# Finished Restoration Of My Bsa Folding Bike



## Rubber_Side_Down (Apr 9, 2016)

It took a while but I finally finished my restoration of my BSA folding bike.

The bike was missing parts when I acquired it and although I was able to find some (front brake caliper, brake lever), I had to fabricate some of the parts myself (brake cable assemblies, brake pads, front brake pad holders, hardware), and was able to get some parts reproduction (saddle, grips).  I restored it as close as I could to factory (even recreated some of the runs in the paint).  I still need to find/reproduce a tool bag and frame pump but the bike is practically finished (any ideas or leads on these items would be appreciated).  
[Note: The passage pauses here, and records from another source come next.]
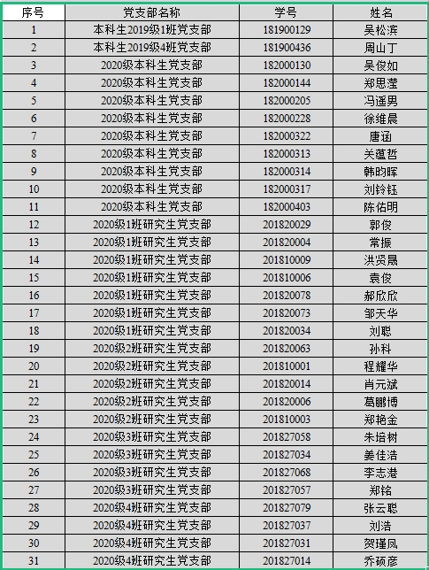 按照发展党员工作有关规定,经基层党支部推荐,必赢76net官网党委于2022年3月21日备案,同意确定吴松滨等31名同志为发展对象,现将备案名单公布如下: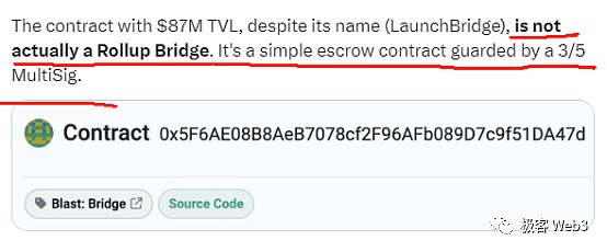 但Blast在获得阶段性成功的同时,也引来了许多专家的质疑。比如,L2BEAT和Polygon工程师均一语道破:目前的Blast只是在以太坊上部署了接收充值的Deposit合约而已,这个合约可以在3/5多签的控制下升级,换句话说,合约的代码逻辑可能被改写,想Rug还是可以Rug。同时,Blast只是自称要实现Rollup结构,但现在的它只是一个空壳子,连提款功能都要等到明年2月上线。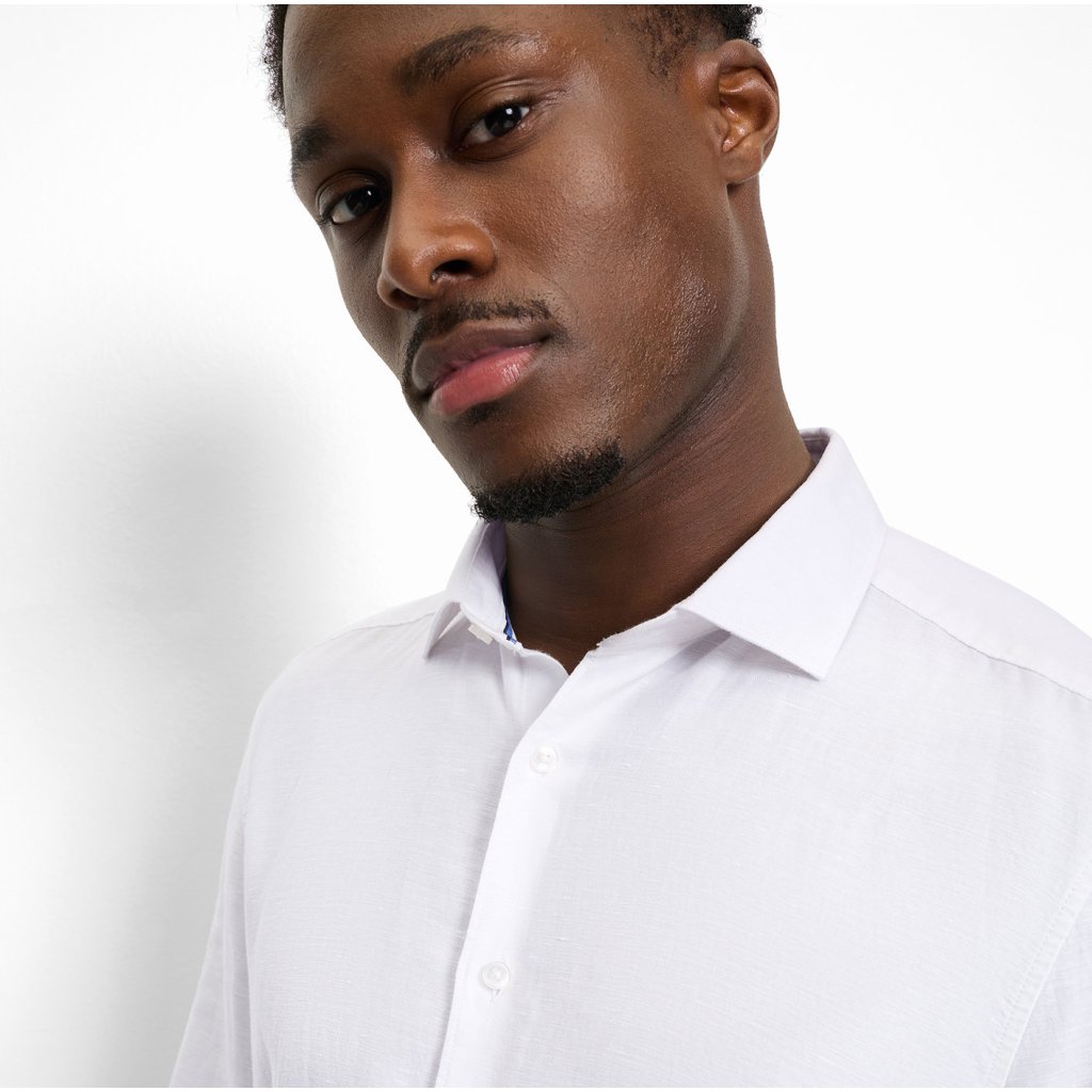 Doprajte si pocit ľahkosti bez straty elegancie. Táto biela košeľa OLYMP Level Five spája prirodzenú štruktúru ľanu s jemnosťou bavlny v modernom twille. Vďaka špeciálnej úprave garment washed pôsobí materiál uvoľnene a je mimoriadne príjemný na dotyk. Strih Body Fit dokonale zvýrazňuje mužskú siluetu, zatiaľ čo klasický golier Kent zaručuje čistý a uprataný vzhľad pre každú príležitosť.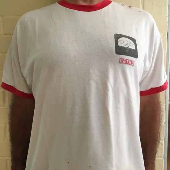 Phil Moore is the best and everything about Retro Instruments is the best. Their gear sounds amazing and never needs to be repaired, plus it looks cool, and so do their T-shirts! Bonus points for the white shirt with red neck and armbands!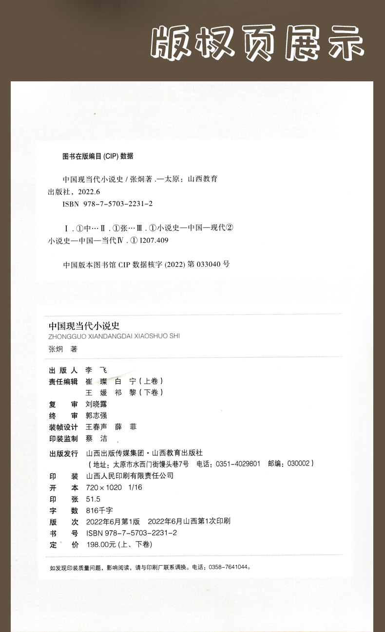正版 中国现当代小说史上下卷 张炯著 山西教育出版社出版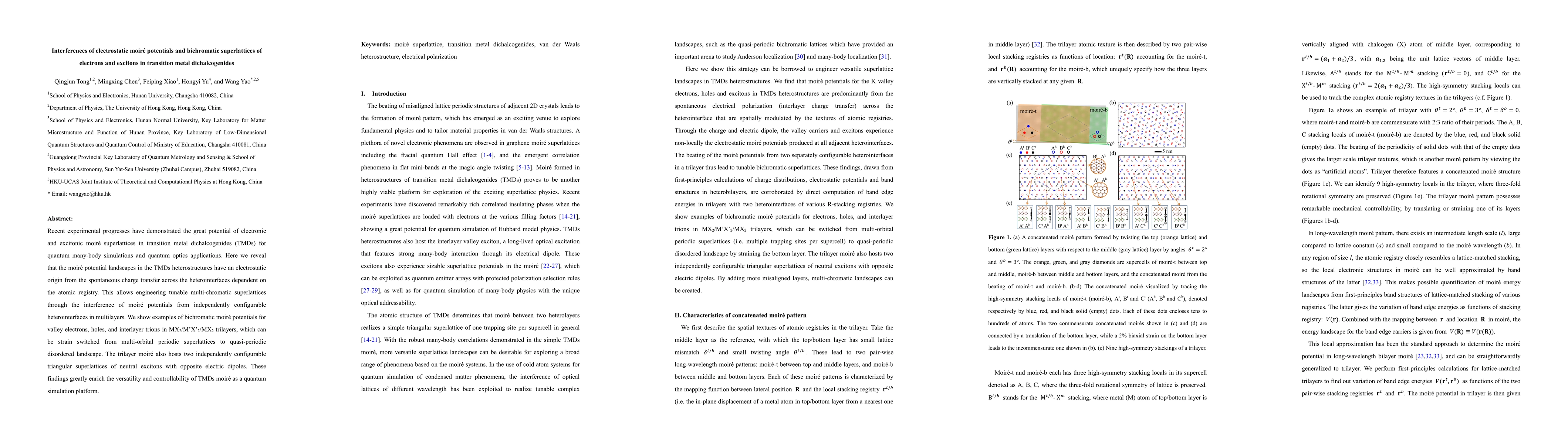 This paper explores how electrostatic moiré potentials in transition metal dichalcogenides (TMDs) heterostructures, arising from charge transfer across heterointerfaces, enable the engineering of tunable bichromatic superlattices. It demonstrates the interference of moiré potentials in trilayer TMDs, leading to versatile control over electronic and excitonic states, thus enhancing TMDs' potential for quantum simulation and optics applications.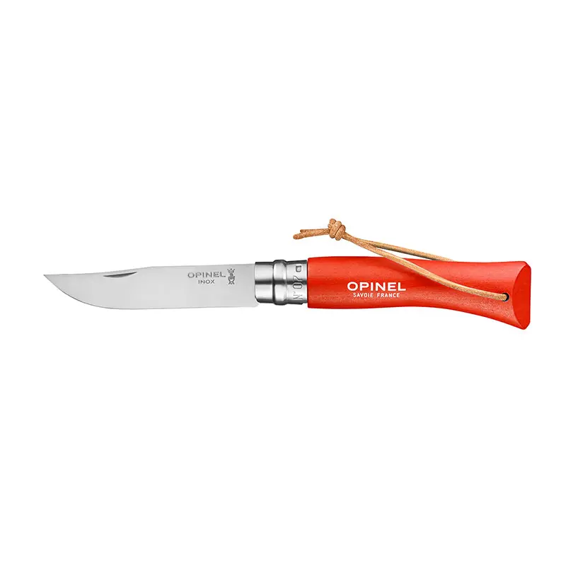 Dao Opinel Bushwhacker No.7 Colored Stainless Steel với tay cầm có lỗ xỏ dây treo thuận tiện. Lưỡi thép không gỉ chống ăn mòn. Tay cầm thoải mái. Hệ thống khóa an toàn Virobloc®, chặn lưỡi cắt khi mở và đóng.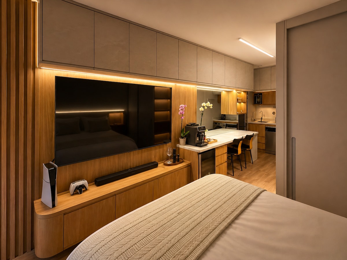 Studio 40011: 4 min. od parka Alijanc. Kompaktan, moderan, kompletan i udoban studio u jednom od najkulturnijih regiona Sao Paula. 📍 Okruženi kafićima, restoranima i predstavama. Ovdje grad pulsira ✨ Udoban krevet, radna površina, ormar, klima-uređaj, TV i kuhinja opremljena aparatom za sendviče, fritezom, aparatom za kafu, šporetom, frižiderom. Privatno 🚿 kupatilo i udobna rasvjeta. Uz tu atmosferu „Želim da ostanem malo duže” Savršeno za uživanje, odmor ili rad. Rezervišite odmah!

I spend a lot of time digging through everything I could find on the internet to help with the restoration.  I also documented the whole process in case my efforts may help others trying to restore one of these.  The link to the facebook album that contains high resolution photos is here; https://www.facebook.com/media/set/?set=a.10101361476432239.1073741835.12811241&type=1&l=9686429dd9

The reproduction of the brake cable housings involved old shoe laces and lots of pastidip.  You can find detailed instructions on how to fabricate the cable housings on the website I was able to get many of the small parts to make the housings.  It is at the very bottom of this webpage; http://www.myronsmopeds.com/category/cable-parts/

I hope some of this information may help others working on these bikes.  I would be happy to answer any questions.


----------



## Robertriley (Apr 9, 2016)

Super job!  I picked up one last week and it's mostly complete except for the seat and I have one coming in on Tuesday.  I greased both hubs and the crank today and patina painted a generic pump.


----------



## brassbusterpc (Apr 10, 2016)

Super NICE


----------



## Rubber_Side_Down (Apr 10, 2016)

Robertriley, your bike looks in fine shape.  Painting a generic frame pump came out well.  I may try that too.
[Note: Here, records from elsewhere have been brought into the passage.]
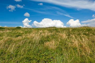 Keywords: sky clouds dramatic landscape grass hill green foreground countryside country grassland field long grass summer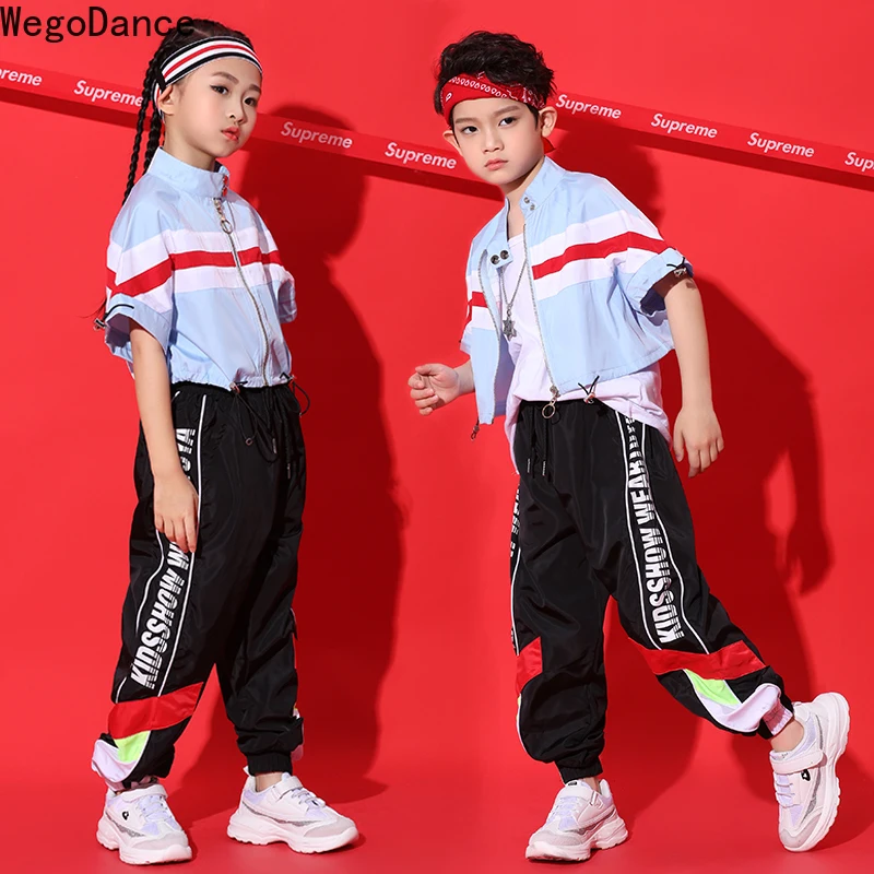 Review New modern jazz dance costume girl sexy top salsa pant hiphop dance costumes kids cheerleader costu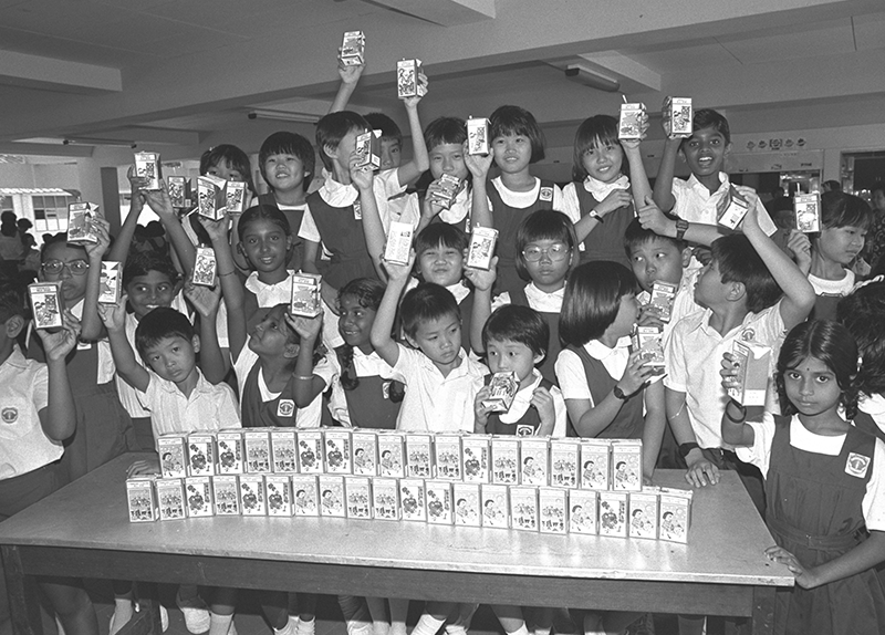 In November 1984, the council even came up with an event, appropriately named Milk Day. The inaugural event was held at the Mandai Zoological Gardens and attended by thousands of primary and pre-primary students. “The idea is to get children to participate in the activities and to make milk-drinking fun for them,” said Nalla Tan, the council chairman. Each child received two packets of a new apricot-flavoured milk, which they drank with other food like sandwiches and cakes. The children were also entertained by an animal show, ventriloquist performances and a colouring competition.23

Sent from my iPad using Tapatalk


----------



## Bozman (Apr 11, 2016)

Well done. 

Sent from my SM-N910V using Tapatalk


----------



## JOHN DANGER (Apr 12, 2016)

Hello Lee , I have much of the same work to do on my Para bike, where was your saddle from and what did it cost if I may ask, I was planing on just using a newer Brooks but yours looks great so I might spend some $ on it, I have also been looking at those Bulgarian tool pouches,

 also Chris your pump repaint looks good as well , what pump did you use? just something new off ebay ?


----------



## Robertriley (Apr 13, 2016)

also Chris your pump repaint looks good as well , what pump did you use? just something new off ebay ?[/QUOTE]

Ok, don't laugh
http://www.amazon.com/Sunlite-Steel...&redirect=true&ref_=oh_aui_detailpage_o00_s00


----------



## the freewheeler (Apr 14, 2016)

Robertriley said:


> also Chris your pump repaint looks good as well , what pump did you use? just something new off ebay ?




Ok, don't laugh
http://www.amazon.com/Sunlite-Steel...&redirect=true&ref_=oh_aui_detailpage_o00_s00[/QUOTE]

I'm not laughing because I'm pretty sure I gave you the link! Mine will arrive tomorrow and I'll be trying to do as good of a job as you did on the paint.


----------



## JOHN DANGER (Apr 21, 2016)

does anyone have the info for the seat restorer in Canada and price?


----------



## the freewheeler (Apr 21, 2016)

here's my frame pump all done...


----------



## Rubber_Side_Down (May 8, 2016)

JOHN DANGER said:


> does anyone have the info for the seat restorer in Canada and price?



 Email ted smith, sales@case-tech.com

There may also be a link ontheir website.


Sent from my iPad using Tapatalk


----------